Did they just quit making 32 Winchester special ammo? I have been looking for a long time and cant seem to find any


----------



## Tilden Hunter (Jun 14, 2018)

I don't think it was discontinued as such, just hard to find like everything else. Many of the low sales cartridges have probably had production put on the back burner.


----------



## Tactical Assist (Dec 27, 2019)

REMINGTON 32 WIN SPECIAL 170gr CORE-LOKT 20rd BOX


We have the REMINGTON 32 WIN SPECIAL ammo you are looking for, IN STOCK AND READY TO SHIP!



www.308ammo.com





Is this what your looking for? Very expensive 😳


----------



## FIRE526 (Nov 2, 2006)

WOW!! Yes that's what I am looking for but with shipping its over 5 bucks a shot. Stupid!!


----------



## Bucket-Back (Feb 8, 2004)

I should have kept my dies, bullets, and brass.


----------



## grapestomper (Jan 9, 2012)

I have a box with about 12 shells left in it. 
Also still have the gun.
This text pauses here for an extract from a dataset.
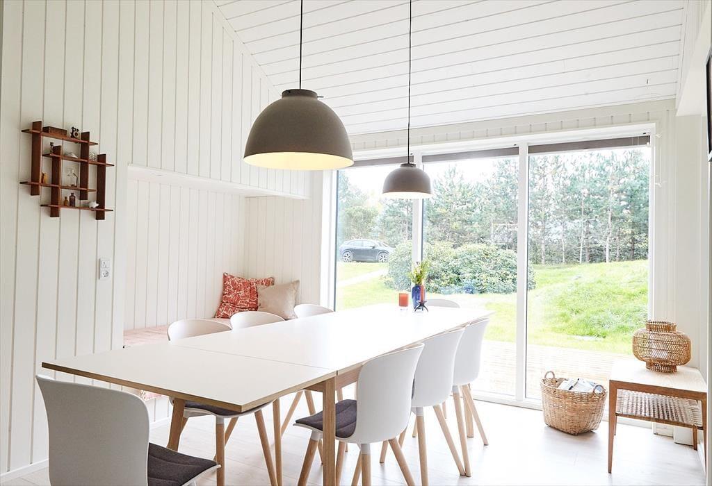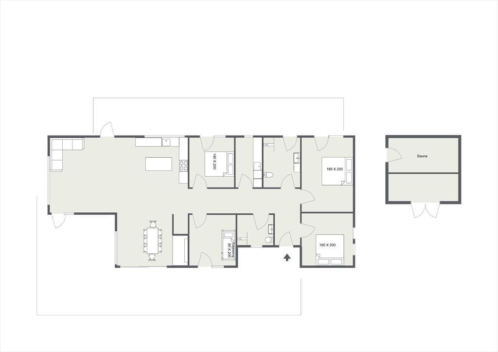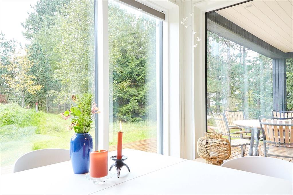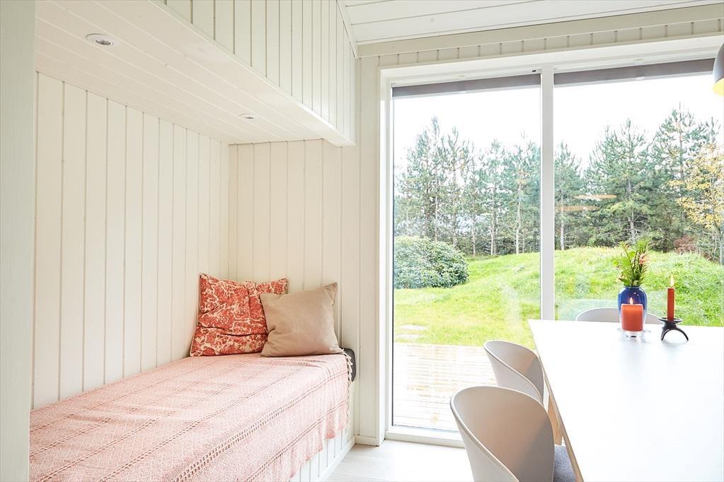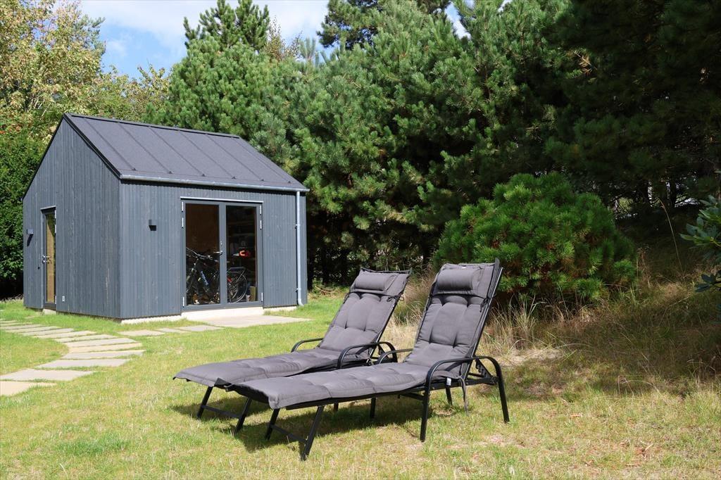 Huset er indrettet med en lækker stue, hvor der er alle muligheder for afslapning og hygge bl.a. ved brændeovnen. I forbindelse med stuen er der et stort og smukt åbent køkken, hvor I kan hjælpes om at tilberede en god frokost. Der er fire dejlige soveværelser, hems og to skønne badeværelser. I annekset er der en lækker sauna. Fra stuen er der adgang til husets helt fantastiske og meget solrige terrasse. Her kan du virkelig fornemme den helt specielle stemning af sommer og sol mens der grilles og hygges eller du måske nyder et godt glas vin. I haven kommer der ofte et rådyr forbi. Husk at benytte dig af husets udendørs bruser, hvor du kan skylle sandet af efter en skøn dag på stranden.

Need to break it out again one of these days.


----------



## Quack Addict (Aug 10, 2006)

Bucket-Back said:


> I should have kept my dies, bullets, and brass.


32 Special brass can easily be made from 30-30 Winchester brass.


----------



## cotote wacker (Jun 12, 2012)

It a problem owning a caliber that is not popular....ammo makers do runs on some caliber every couple years or longer and create a shortage....only answer is load your own or stock up when they make a run......


----------



## Nitro225Optimax (Feb 13, 2011)

cotote wacker said:


> It a problem owning a caliber that is not popular....ammo makers do runs on some caliber every couple years or longer and create a shortage....only answer is load your own or stock up when they make a run......


This. Any other year, 32sp sits on the shelf for months or even years. They might do a run every other year or so based on demand. With everything gone, more popular, and profitable, calibers are produced. I highly suggest everyone start looking for hunting ammo now, not November 14th. 


Sent from my iPhone using Michigan Sportsman


----------



## Nitro225Optimax (Feb 13, 2011)

Best you’re going to do for now…











Sent from my iPhone using Michigan Sportsman


----------



## 22 Chuck (Feb 2, 2006)

Sounds like my 25/20..


----------